Шрифт:
Интервал:
Закладка:
В сенную дверь кто-то бухал со всей силы.
Крестясь и шепча нечто невнятное, Меланья вскинула взор на иконы и медленно осела на колени.
Бормотанье молитвы – поспешное, торопливое; сверлящий визг измученного ребенка, босые ноги Лизаветы, не знающей, что ей делать: кутать ли новокрещенного в холстинку или подождать? Сам Прокопий Веденеевич, шаря крючками пальцев в бороде, вышел в переднюю избу. Нянька Анютка забавлялась с двухлетней пухлощекой Маней, ползающей возле красной лавки. По большой избе полоскался голубой рассвет, отпечатав тень от рамы на выскобленной березовой столешне. В окно из ограды глядело широкое лицо.
Сомнения нет: Филин возвернулся!..
Прокопий Веденеевич уставился в окно, как в потусторонний мир, куда он совсем не торопился, но знал, что ему придется все-таки уйти в тот мир. Только бы не сейчас, не в это торжественно-тревожное утро, насыщенное криком нового человека.
– Осподи прости!.. Вразуми мя, Исусе Христе, пребывающий во чертоге Господнем! Вразуми мя!
Филя барабанил в раму:
– Тятенька! Тятенька! Али глухие?!
– Изыди! Изыди, – опомнился Прокопий Веденеевич и, толкнув крашеную дверь, вышел.
Из сумерек прохладных сеней, пахнущих березовыми и полынными вениками, нанизанными на две жерди под крышей, Прокопий Веденеевич, охолонувшись, окликнул:
– Хто там? Ответствуй!
Чего там ответствовать! Видел же собственными глазами. Но надо выиграть время, перевести дух и подождать чуть-чуть, покуда Исус милостивый ниспошлет своего просветления и вразумления.
– Дык я, тятенька! Али не признали?
– Хто ты, сказывай!
– Филимон.
Прокопий Веденеевич схватился за шею, словно в горле дыхание сперло, и, помолчав, снова:
– Какой веры будешь, сказывай!
– Дык праведной. Филаретовой. Тополевого толка, тятенька.
Прокопия Веденеевича осенило: непотребный сын прыгает из веры в веру, что равносильно еретичеству!

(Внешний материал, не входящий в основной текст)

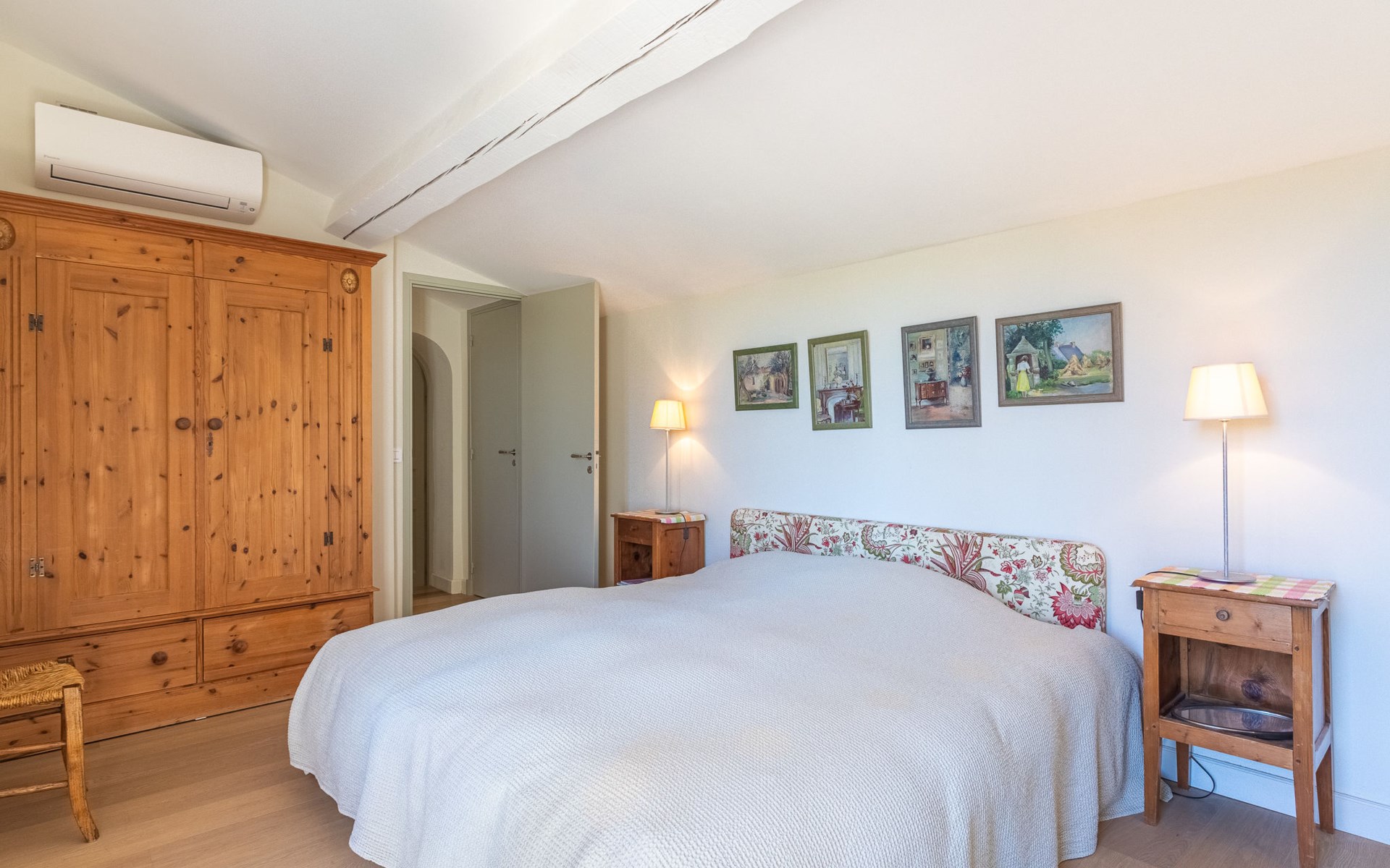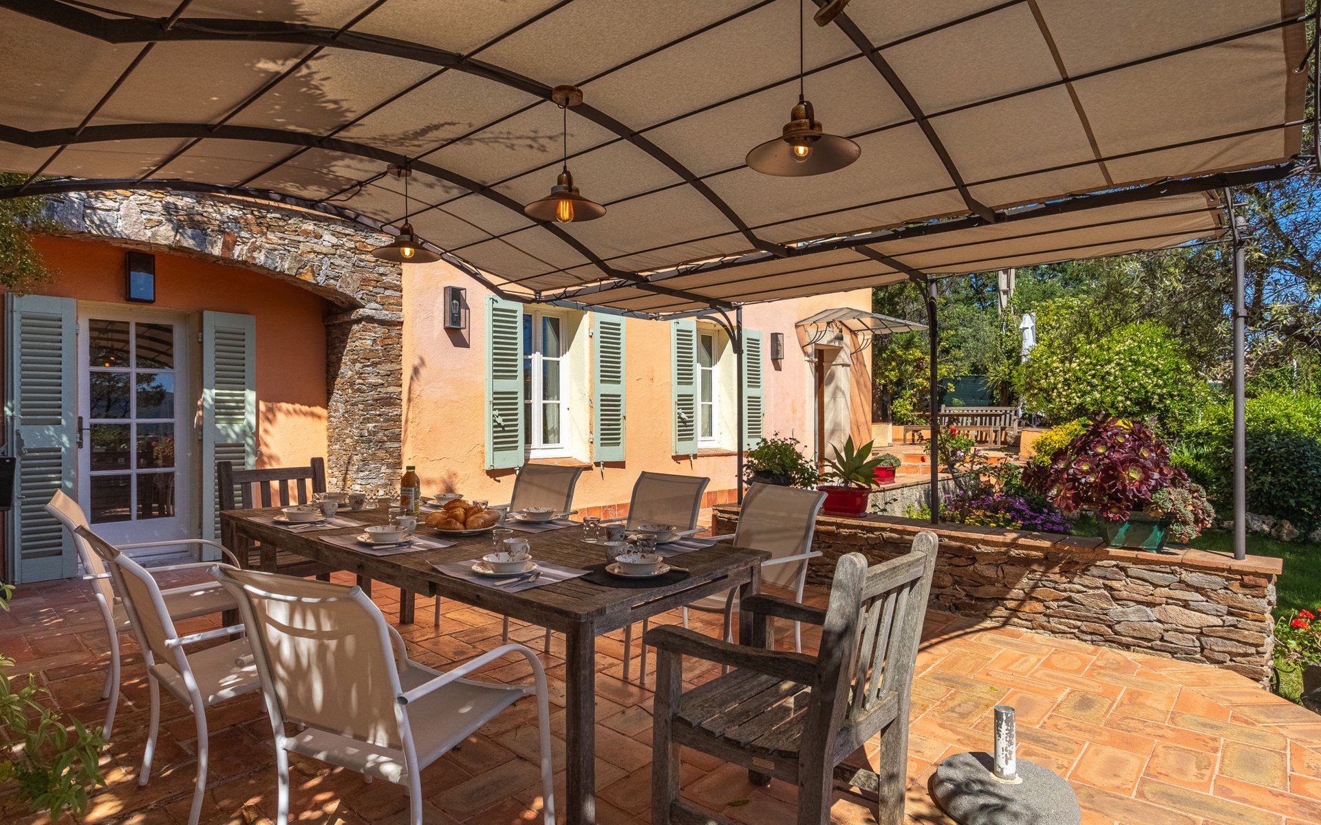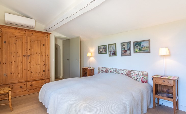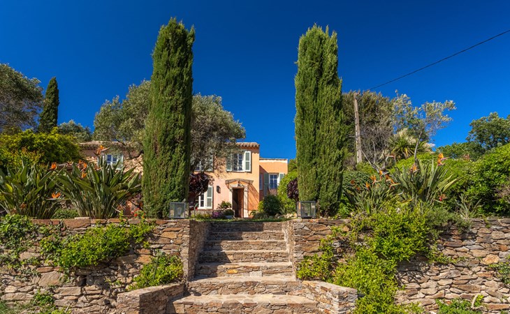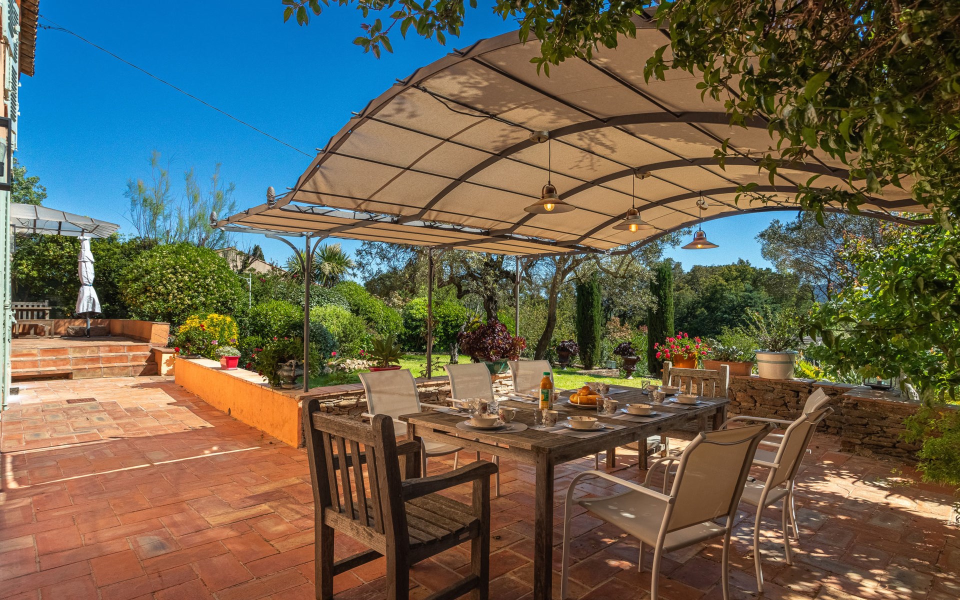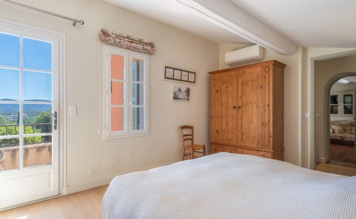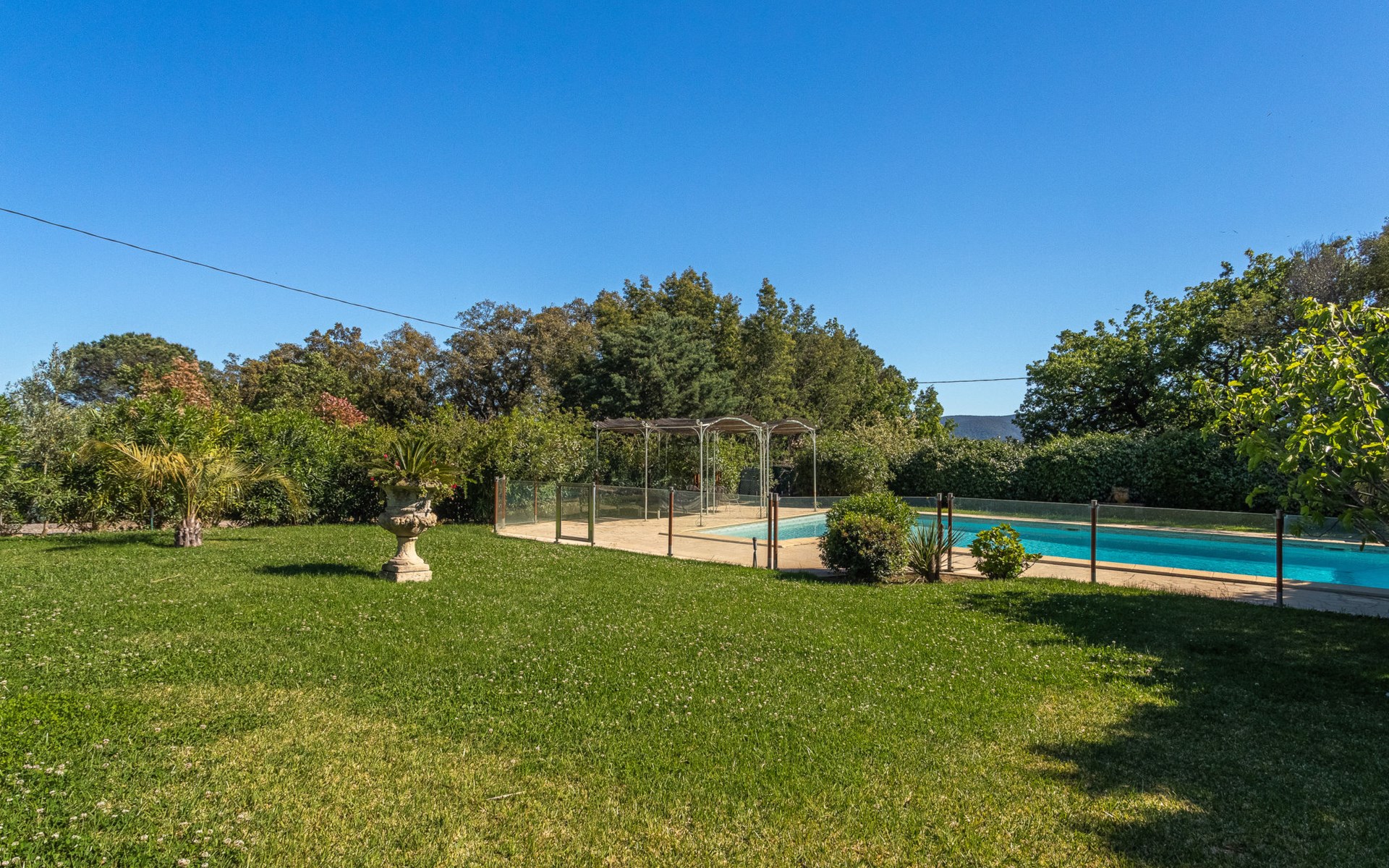 Single-family house "Le Clos du Pierredon", 2 storeys. On the outskirts, 900 m from the centre of Grimaud, 6 km from the sea. Private: well-kept garden with lawn 2'000 m2 trees, swimming pool (6 x 12 m, depth 90 - 220 cm, seasonal availability: 01.May. - 30.Sep.). Parking (for 2 cars). Shop, grocery 900 m, supermarket 3.5 km, restaurant 700 m, bus stop "Font Mourier" 3.8 km, sandy beach "Port Grimaud" 6 km. Sports harbour 6 km, golf course (18 hole) 7 km, sailing school 6 km. Nearby attractions: Port Grimaud 6 km, Parc d'attractions Azur Park 5.5 km, Saint Tropez 13 km, Sainte Maxime 12 km, Cannes 96 km, Nice 110 km. Well-known lakes can easily be reached: Lac de Sainte Croix 95 km. Hiking paths: Massif de l'Esterel 50 km. Please note: car recommended. The keys‘ handover takes place by the agency Interhme in Gassin, 6 km.

– Изыди, мякинное брюхо. Изыди! Али я не благословил тя на пустынность к Елистраху? Али ты не ушел втапоры в тайгу спасать душу, срамник окаянный! Али ты не молился с пустынниками, не радел, яко скрытник Христов, несущий исповедь перед лицом Творца нашего в песнопеньях и в отрешении от суеты земной?
Прокопий Веденеевич напал на торный след…
– Тятенька!.. Напраслина то! Напраслина! Разве можно отторгнуть праведную веру, в какой я на свет народился? Ни в жисть! В тайгу тогда убег, чтоб на войну не идти, со Анчихристовым войском плечо не держать. Сами благословили, тятенька!.. Помилосердствуйте! С лазарету я…
Прокопий Веденеевич топчется возле двери, скребет в бороде, а в башке – ералаш.
– Тятенька… – мычит Филя по ту сторону двери.
– Как благословил тя на пустынность, тако живи, и благодать будет. Спасение твое возле пустынника Елистраха. Их таперича много собралось на заимке Елистраха. За тридцать душ. И хлебушко свой сеют в тайге, и скотину держат.
– Не сподобился, тятенька! Не сподобился! – подвывал Филя, поталкивая дверь.
– Не ломись, грю!
– Дык домой же я возвернулся!
Молчание. Тугое, настороженное.
Прокопий Веденеевич сучит в пальцах седую косичку, а в голове молоточки стукают. Что ж делать? Впустить в дом? У Фили в доме жена, Меланья, и дочь. Ну а что же останется самому Прокопию Веденеевичу? Закуток глинобитной печи? Посрамление за снохачество? Семейная распря, и, кто знает, не поможет ли Филину сосед, Васюха Трубин, недавно вразумивший собственного батюшку-тополевца так, что тот еле жив остался, а теперь вот и хозяйство раскололи на три части!
«Погибель тогда, погибель! – отслаивалось решение. – С Меланьей денной свет увидел; горы сворочу ишшо».
Кипение крови чуть стихло, и Прокопий Веденеевич почувствовал, что теперь он сумеет потягаться не то что с увальнем Филимоном, но если выйдет на него полк, то и тогда не отступит.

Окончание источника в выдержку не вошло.